Exercise materials -
--

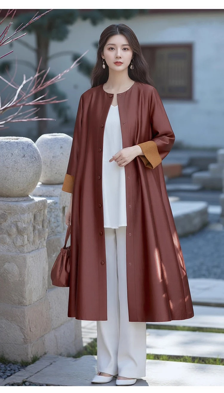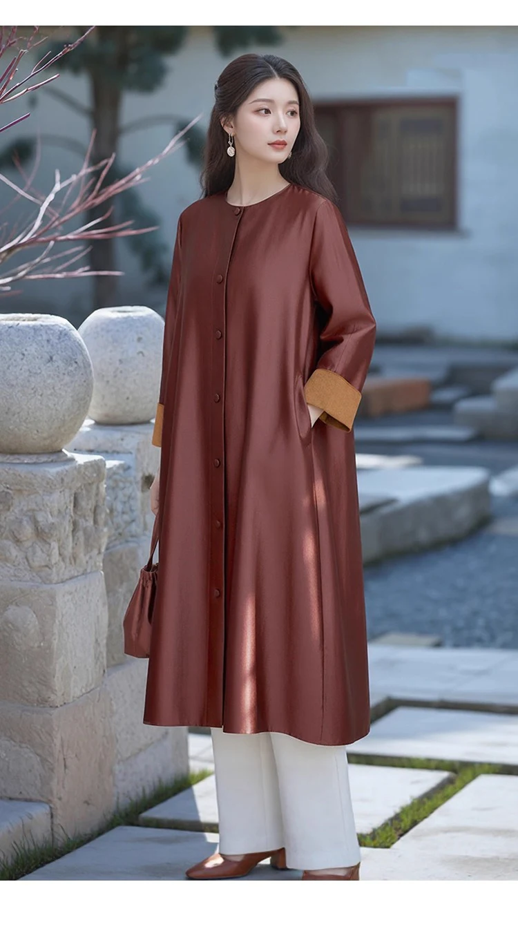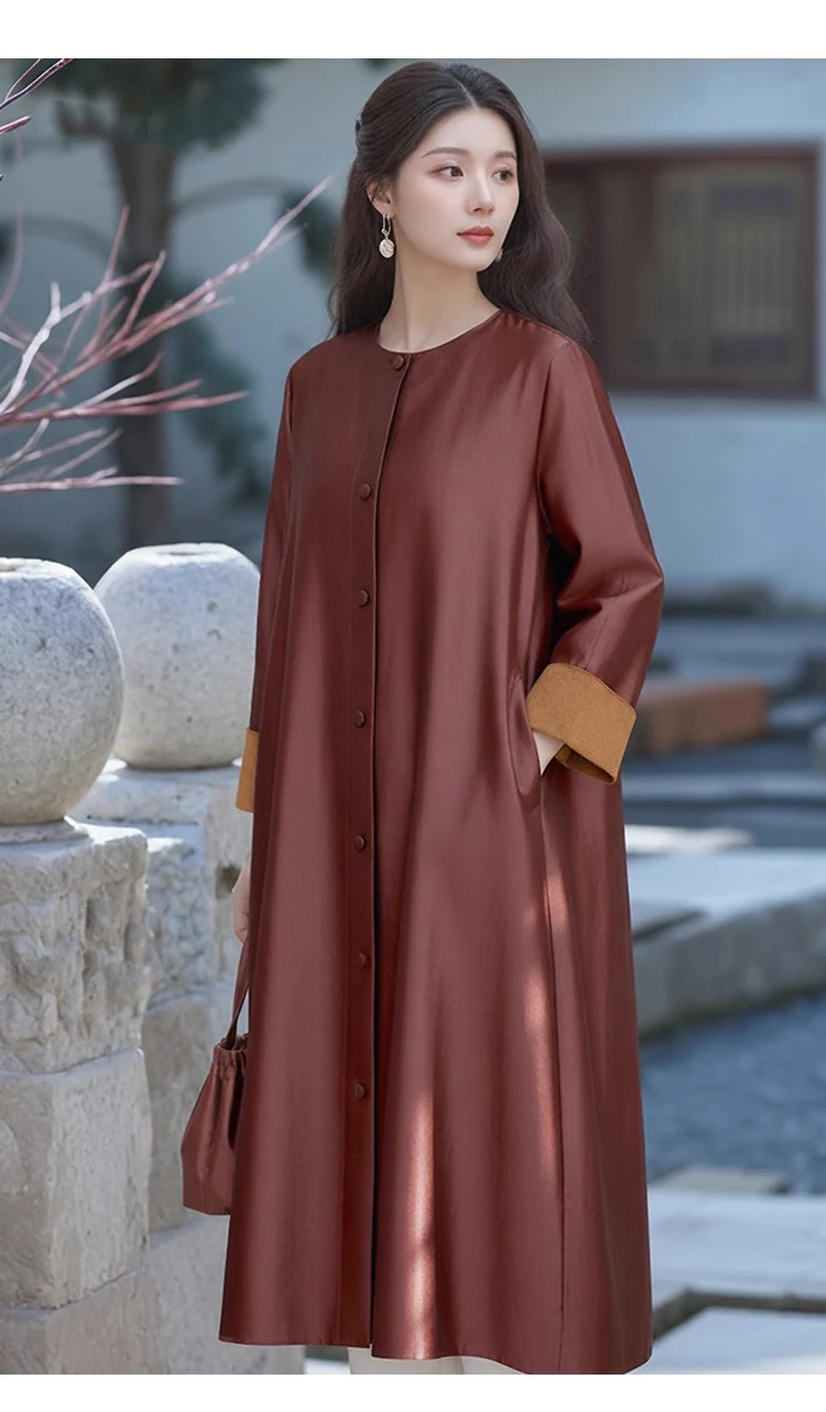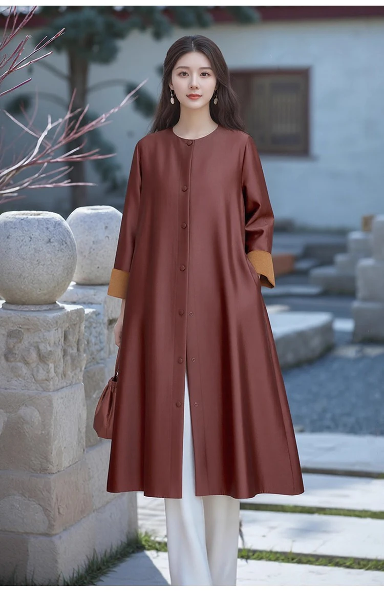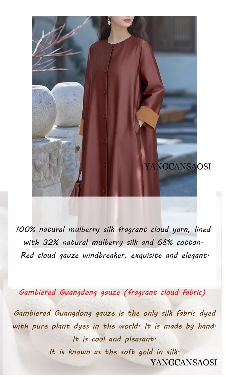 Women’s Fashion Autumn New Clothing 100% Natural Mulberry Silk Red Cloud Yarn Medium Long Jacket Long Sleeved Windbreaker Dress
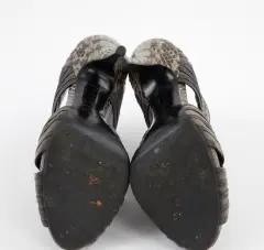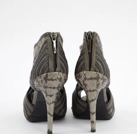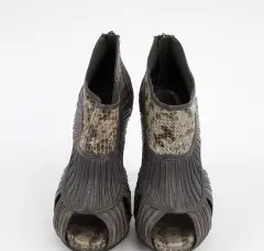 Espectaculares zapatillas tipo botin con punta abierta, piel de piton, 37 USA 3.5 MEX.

--

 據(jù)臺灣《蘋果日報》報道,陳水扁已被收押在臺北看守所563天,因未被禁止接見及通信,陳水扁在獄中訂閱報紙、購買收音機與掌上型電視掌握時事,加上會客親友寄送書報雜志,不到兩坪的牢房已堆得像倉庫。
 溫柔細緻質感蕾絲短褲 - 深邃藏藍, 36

--

Go back to the listing above. Copy word for word the lines from the one with "據(jù)臺灣《蘋果日報》報" through the one with "溫柔細緻質感蕾絲短褲 - 深邃藏藍, 36", and nothing more.

 據(jù)臺灣《蘋果日報》報道,陳水扁已被收押在臺北看守所563天,因未被禁止接見及通信,陳水扁在獄中訂閱報紙、購買收音機與掌上型電視掌握時事,加上會客親友寄送書報雜志,不到兩坪的牢房已堆得像倉庫。
 溫柔細緻質感蕾絲短褲 - 深邃藏藍, 36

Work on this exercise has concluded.